Pretty much just responding to your title :-)
ReplyDeleteDoes anyone actually sit down and just listen to an album any more? I used to often sit in a darkened room and just play an album. That was literally all I was doing. Years later, it was still pretty common for me to buy an album on itunes and listen to it while I was driving or playing a MMO. Still more years later, and now I pretty much only listen to new music as individual tracks. I am relaying more and more on Pandora to introduce me to new music, and you can't even listen to every track on an album in order that way unless you subscribe to their service.
I have to think that to young people growing up in the current digital music environment, the idea of buying a whole album and listening to it front to back would be nearly a foreign concept. Yet a lot of my favorite music works best if you listen to the entire album, the tracks in the correct order are far more than their sum. I worry that we are on the verge of losing something important.

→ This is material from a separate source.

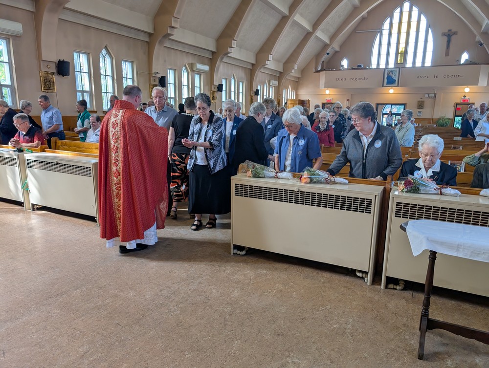 La célébration, présidée par le vicaire général, Steve Lemay, fut marquée par un hommage touchant offert par M. Guy Bédard et par le chant de l’assemblée guidé avec entrain par Mme Lucie Grenier. Après la messe, un temps fraternel s’est poursuivi autour d’une collation conviviale.

I confess to converting entirely to streaming services these days. I don't even own a CD player, unless maybe one of the game consoles will play them. My PCs no longer have CD/DVD drives.

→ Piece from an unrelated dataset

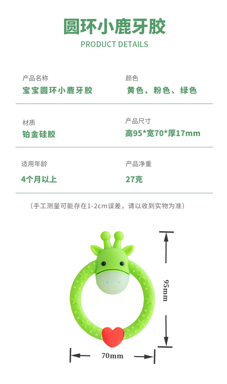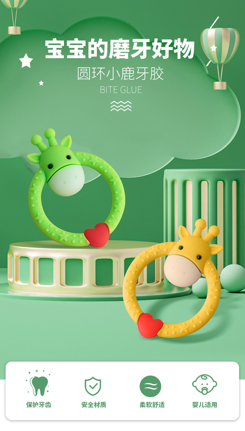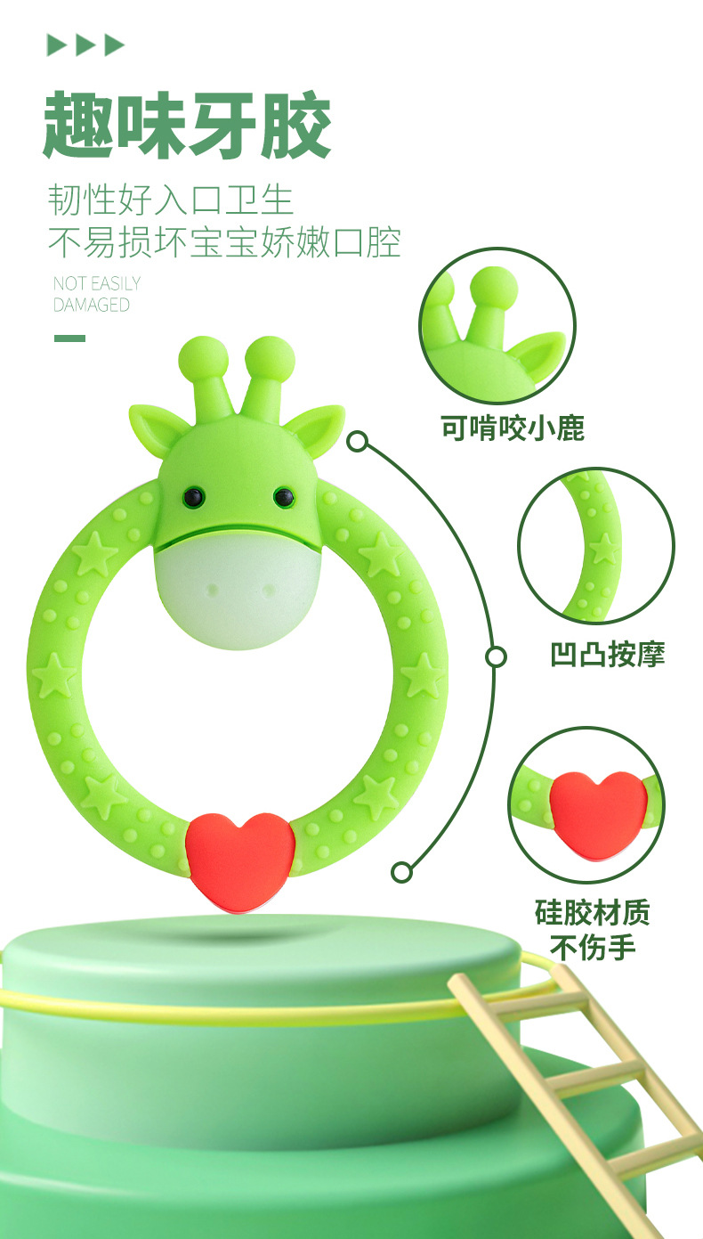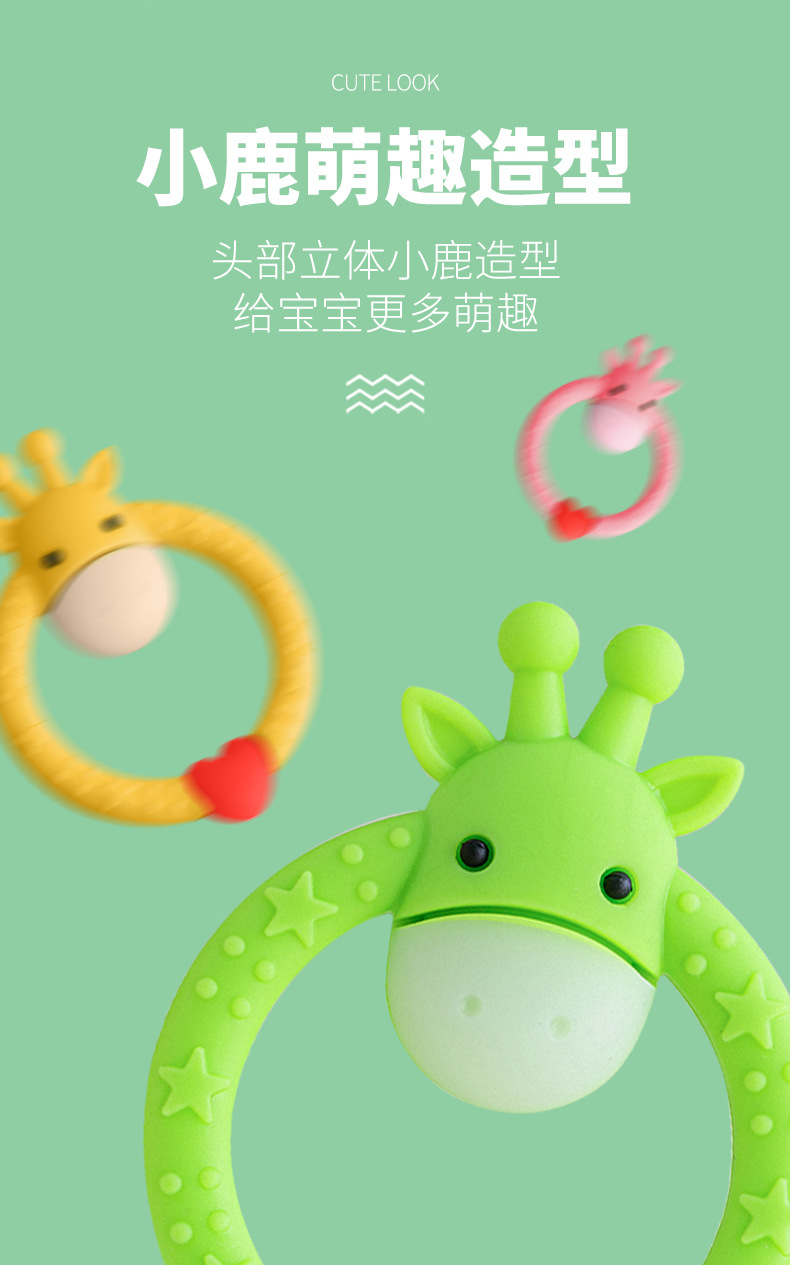 小鹿环形咬胶婴儿全硅胶牙胶卡通造型可爱圆环小鹿牙胶宝宝磨牙棒

DeleteBut I still would LIKE to listen to albums but I feel like the streaming services kind of make it hard. And when you do finally figure out "OK here's the album I want to hear" and listen to it, when it ends it doesn't end but rolls into random tracks.
My partner and I were just talking about this last night. The joy of going to a record store, flipping through albums. Buying an album for one song and discovering a bunch of other songs that you love even tho they're not getting much radio play. Miss those days. I mean... do record stores even still exist, aside from niche specialty places?
The post title leans into the irony that although most people don't seem to listen to albums *as* albums any more, the album remains the standard release format for the mainstream and a whole range of genres. Every one of the acts in the post has an album coming out in the next few months except Dylan, whose latest album came out in January. It's true that loads of artists drop single tracks, "EPs" (Even weirder that that label still has traction.) and mixtapes (Which aren't tapes or mixes - I'm still not 100% clear on what they actually are...) but every day I see news items about new albums, complete with release dates and track lists.
DeletePersonally, I still buy albums on CD but mainly because I need to have something to tell people when they ask me what I want for my birthday and Christmas. Lana is one of the few exceptions for whom I actually pre-order CDs and pay for them myself and that's mainly because, as I semi-seriously aknowledge in the post, it's in recognition of my fandom as much as anything.
As for listening to albums, the only time I play them start-to-finish in the old way is in the car. The drive to my mother's is about one album each way and I do it about once a month so I guess I hear a couple of dozen albums in full in a year these days. I used to rip the CDs onto my IPod Touch and listen to whole albums that way but I don't even do that any more. I just play individual tracks either from my desktop, Amazon Music or YouTube.
That said, I suspect the supposed universality of streaming might not be as permanent a change as we all thought. There are a number of indicators now pointing to a swing back towards owning physical product, not least because of the combination of cost and lack of availability on streaming sites. It's more of an issue with visual media but audio will have some similar issues soon enough. I don't imagine we'll ever go back to physical product being the prime distribution method, though.
I still do, but I'm old.... Okay, not as old as Bhaggy, but up there nevertheless.